KPU Badung rangkul TVRI Bali gelar Dialog Sosialisasi

  • 23 Januari 2020
  • 08:05 WITA
berita_202301080127_KPUBadungrangkulTVRIBaligelarDialogSosialisasi.png

MANGUPURA. Komisi Pemilihan Umum (KPU) Kabupaten Badung menggelar sosialisasi melalui Dialog Interaktif “Wacana Publik” pada TVRI Bali dengan tema tahapan calon perseorangan dan perekrutan Badan Adhoc, pada hari Rabu (22/01/2020).

Hadir dari KPU Kabupaten Badung, Ni Luh Nesia Padma Gandi selaku Komisioner Divisi Teknis Penyelenggaraan bersama I Wayan Artana Dana, selaku Komisioner Divisi Sosialisasi, SDM, dan Parmas menjadi pembicara dalam dialog yang dipandu oleh presenter Cok Devi.
Artana Dana, dalam dialog mengajak masyarakat Badung untuk ikut berpartisipasi dalam mensukseskan pemilihan Bupati dan Wakil Bupati tanggal 23 September 2020 sebagai pemilih atau sebegai penyelenggara, terlebih saat ini adalah tahapan pembentukan Badan Adhoc PPK (Panitia Pemilihan Kecamatan).

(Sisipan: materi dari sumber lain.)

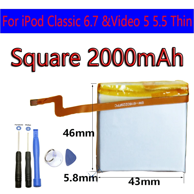 2000mAh Square Battery Upgrade SSD replacement for iPod Classic 6.7&Video 5 5.5 Thin
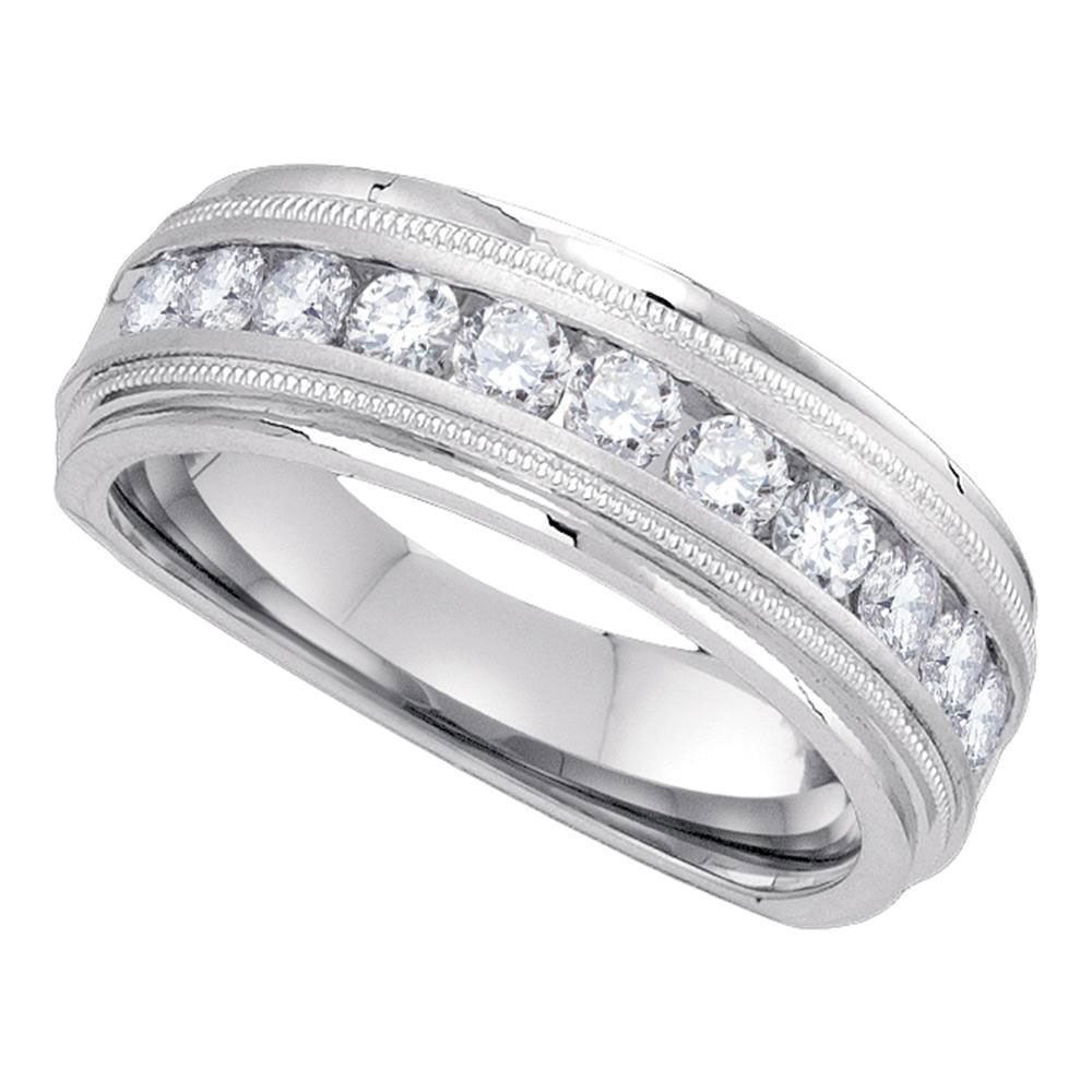 10kt White Gold Mens Round Diamond Wedding Single Row Band Ring 1 Cttw.

“Dalam kesempatan ini, KPU Kabupaten Badung selaku penyelenggara masih membuka ruang sampai dengan tanggal 24 Januari 2020, mohon teman-teman, masyarakat di mana pun berada khusunya yang ber KTP Badung silahkan datang ke KPU Kabupaten Badung untuk mendaftarkan diri menjadi PPK (Panitia Pemilihan Kecamatan) terlebih bersama-sama mengabdikan diri untuk Badung, ”ajak Artana Dana.

Pada pemaparannya, Nesia Gandi menjelaskan persiapan yang telah dilakukan KPU Kabupaten Badung dalam tahapan calon perseorangan ialah telah melaksanakan simulasi penyerahan syarat dukungan. Berkaitan dengan hal tersebut, sampai saat ini KPU Kabupaten Badung masih membuka pintu selebar-lebarnya pada masyarakat yang ingin mencalonkan diri melalui jalur perseorangan.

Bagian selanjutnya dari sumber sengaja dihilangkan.